Thought I was writing this letter for a girl in Starbucks after I could not help but eavesdrop on her phone conversation… She walked away and I just sat there, staring at the words I wrote to her. The letters jumped from the page.
Turns out I was writing it not just for her but for me, my best friend and a slew of other young women just trying to find their place in this life.
If that’s you today, then this letter is yours.
I’m sorry but I could not help but sit within your phone conversation.
I’ll admit it right now. Up Front. I totally sat somewhere between the iced coffee in front of you and the mess of paperwork surrounding you.
Somewhere between the iPhone to your ear and the Words that Seemed to Shatter Against the Starbucks Window you sat beside.
I stayed and lingered for a while. Hanging off the words you said to someone who should have been better to you.
“You know… I am doing OK.”
A Great Pause.
“It’s just tough… I am going to have to prove myself… I just need to be relevant in some way. The way I was in LA… It’s been hard to be nothing at the end of the day.”
And gosh, I don’t know you, so I guess this is where I wanted the most to break into the conversation and awkwardly make some comment about how much I adore your blouse. The green really fits you.
I don’t really care about the green blouse, I just have a tough time blurting out to strangers that I think the world is better because of them.
And all I really want to say, beyond silk and satin compliments, is that I am in your shoes. That a million of us are in your shoes today. Wanting to feel adequate. Loved. Wondering if we should start jumping on tables and yelling in the middle of the Fresh Produce aisles of Target just so people know we are here. That we exist. That we matter.
You know, if I were a psychologist I might attest that it all traced back to our Little Girl Days…Beside toys & dolls with frilled dresses, we became Girls Who Cared Too Much. Lived Too Little. Tried Too Hard to Win Too Little of Love than the Great Love We Truly Deserved.
If I were a sociologist I would say it stems back the Mean Girls. To the cold shuns of lockers closing & twisted teeth, neon metal filling their mouths, who slur secrets to one another about the way we dress and the hairs on our heads. That’s when we became Slaves, Shackled to What the World Thinks of Us.
And if I were an anthropologist I would say this goes all the way back to Eve…. Even in her fig leaf ensembles, I am so certain if she had been handed a resume, an LSAT study book, a pair of tweezers and a beauty magazine she would have found ways to sit by the water when Adam wasn’t looking, stare into her reflection and whisper out loud, “Be more, Eve. Be more.”
But strip from me the “psych” & “soc” & “anthro” and I am just some Ologist who is dying to tell you that you don’t have to be alone in this. That we can figure out this mess together. Day by day. Even minute by minute if it takes us that long. But we don’t have to go it alone.
I say we, and not you, because already—even if you don’t believe it—I’m determined to not leave you alone in this.

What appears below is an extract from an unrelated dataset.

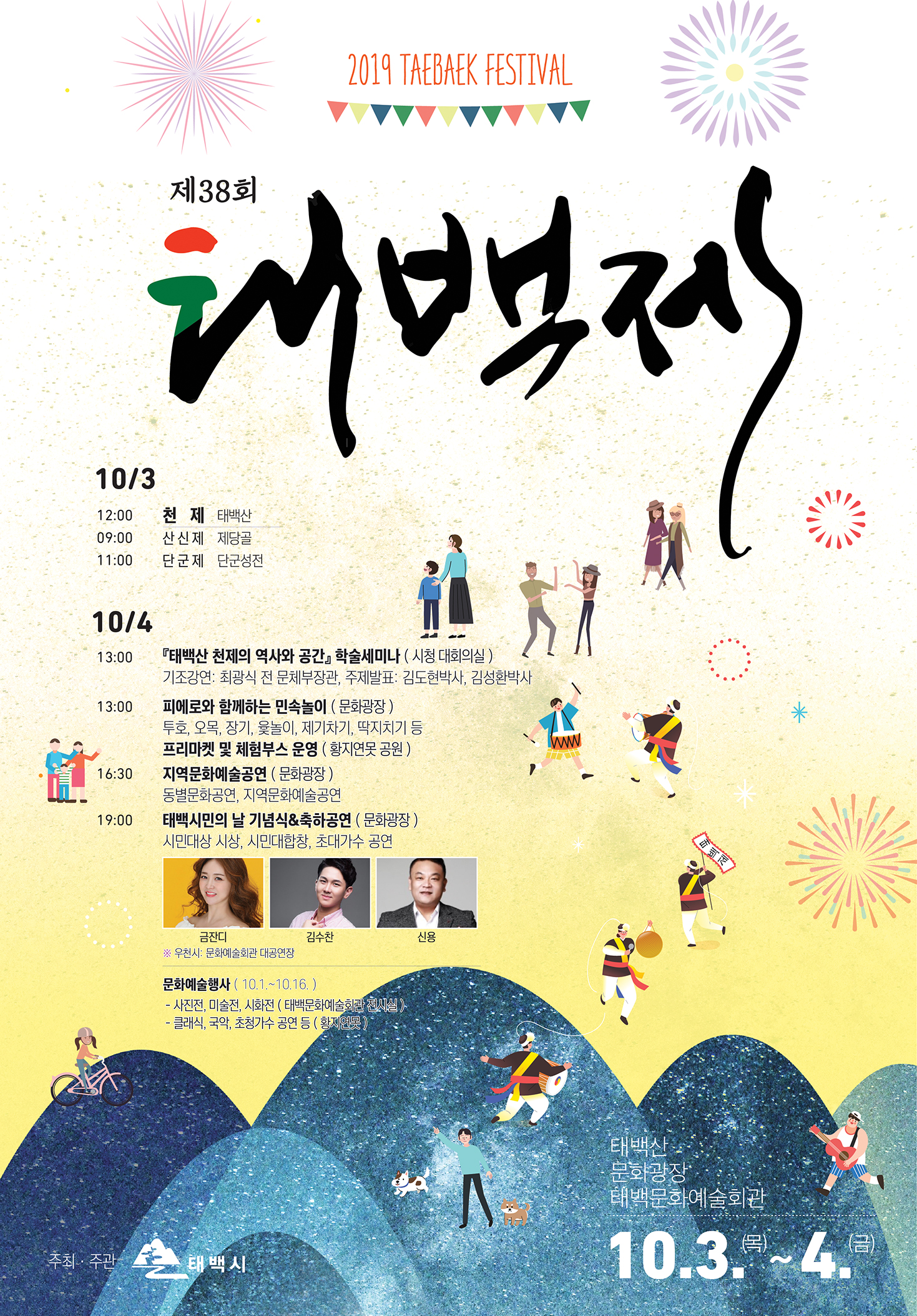 지역 민속 문화 계승‧발전과 시민 소통‧화합의 장인 ‘제38회 태백제’가 오는 10월 3일(목)과 4일(금) 양일간 시내 일원에서 개최된다.

We can get an army going, for I know there are a lot of pretty girls this side of the town who would gather alongside us.
We could plant a box in the middle of town and, on days when we are feeling lovely, we could pour the loveliness in. When you are feeling beautiful, you go ahead and pour into it too. Pass that love to the box for a girl who’s feeling less Lovely & needs a lift the next day. We could seesaw love… back and forth to one another. It could be a beautiful, radical thing that would keep us away from coffee shops that leave us spilling self-worth out from the seams of phone conversations.
We could laugh about this one day over too many glasses of wine. We could cock our heads back and snicker for several hours over the silliness that’s now stitched to the days we called ourselves Worthless. Not Good Enough. Inadequate. Irrelevant.
Snicker, snicker, snicker, I think I’d like to laugh about this one day, to reach a point where I could stand before a mirror and laugh until my head falls off, saying to the girl with brown hair looking back, “How did I ever abandon you? Cut you down? Push you into boxes far too small?
I love you, and I adore you. I love you, and I adore you.
You are my best friend and I won’t forget to remember that… you are my best friend and I wont remember to forget that.”